In an embodiment in which the object includes a sound source, the computer-executable program code portions further include program instructions configured to receive audio signals from the sound source. In this example embodiment, the program code instructions configured to cause at least one audio cue to be audibly provided to the user include program code instructions configured to cause a representation of the audio signals from the sound source to be audibly provided to the user such that the audio signals appear to originate at the modified distance and from the direction of the sound source. In an alternative embodiment, the program code instructions configured to cause at least one audio cue to be audibly provided include program code instructions configured to cause an artificially created sound representative of the object to be audibly provided to the user.
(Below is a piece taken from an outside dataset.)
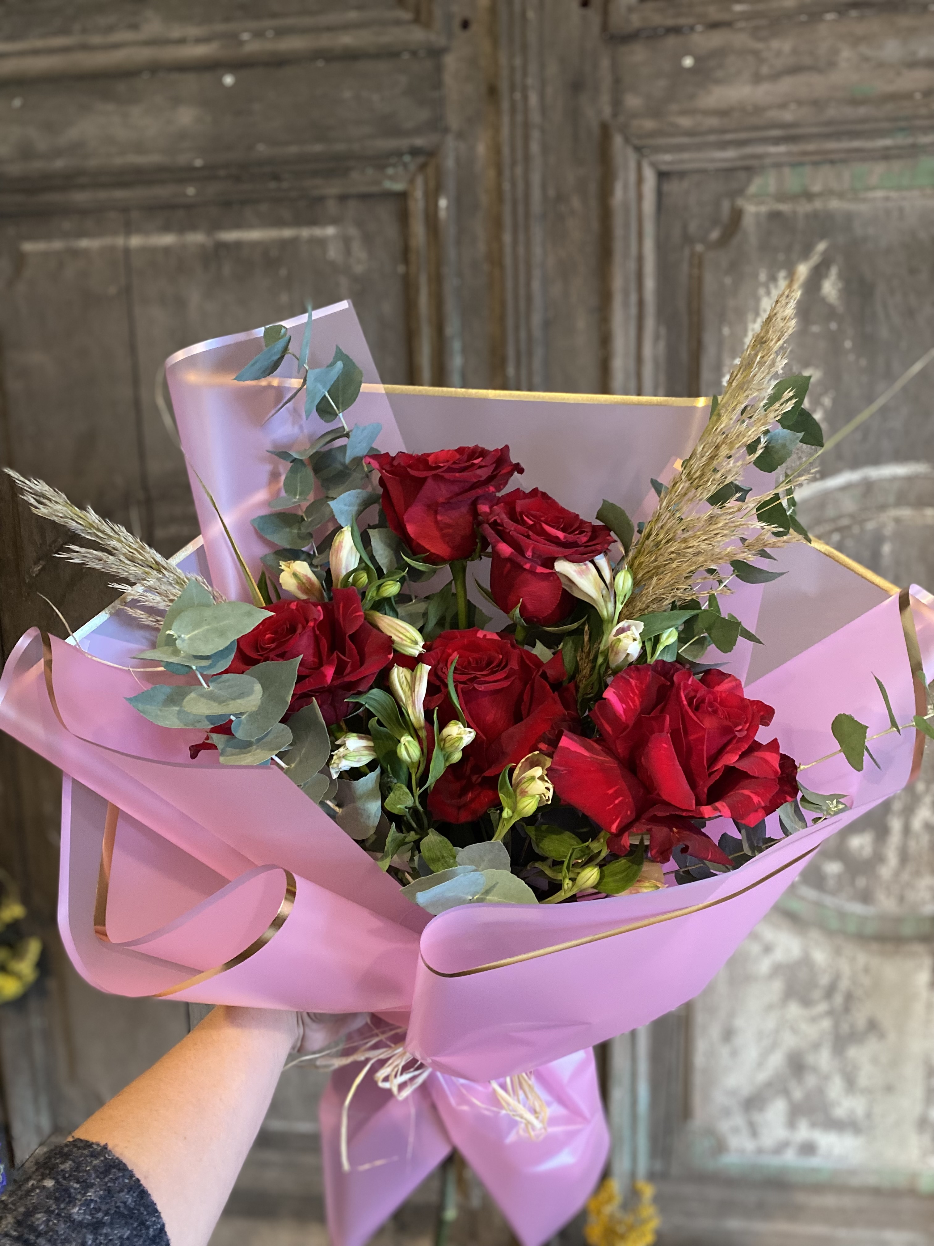 Descubre nuestro encantador Ramo Entrega M, que consta de 5 elegantes rosas rojas y acompañamientos florales. Este ramo es ideal para expresar amor, admiración o gratitud en cualquier ocasión especial. Su diseño único y colorido lo diferencia de otros productos, haciendo de cada entrega un momento memorable.

In an example embodiment, the program code instructions configured to cause at least one audio cue to be audibly provided to the user include program code instructions configured to process audio signals with a head-related transfer function filter to create the at least one audio cue. The head-related transfer function filter is dependent upon both the normalized distance and the direction from the user to the object. In an example embodiment, the computer-executable program code portions further include program code instructions configured to determine a position and a head bearing of the user and identify the head related transfer function filter based upon the position and head bearing of the user. In this regard, the program code instructions configured to determine a distance and a direction from a user to an object include program code instructions configured to determine the distance and the direction from the user to the object based upon the position and head bearing of the user. In an embodiment in which the predefined sound field region includes a volume about the user of a predefined dimension, the program code instructions configured to scale the distance to the object to create a modified distance include program code instructions configured to scale coordinates representative of the object so as to lie within the volume of the predefined dimension.

In yet another example embodiment, an apparatus is provided that includes means for determining a distance and a direction from a user to an object. The apparatus of this example embodiment also includes means for scaling the distance to the object to create a modified distance within a predefined sound field region about the user. In this example embodiment, the apparatus further includes means for causing at least one audio cue relating to the object to be audibly provided to the user such that the object appears to be located within the predefined sound field in the direction and at the modified distance from the user.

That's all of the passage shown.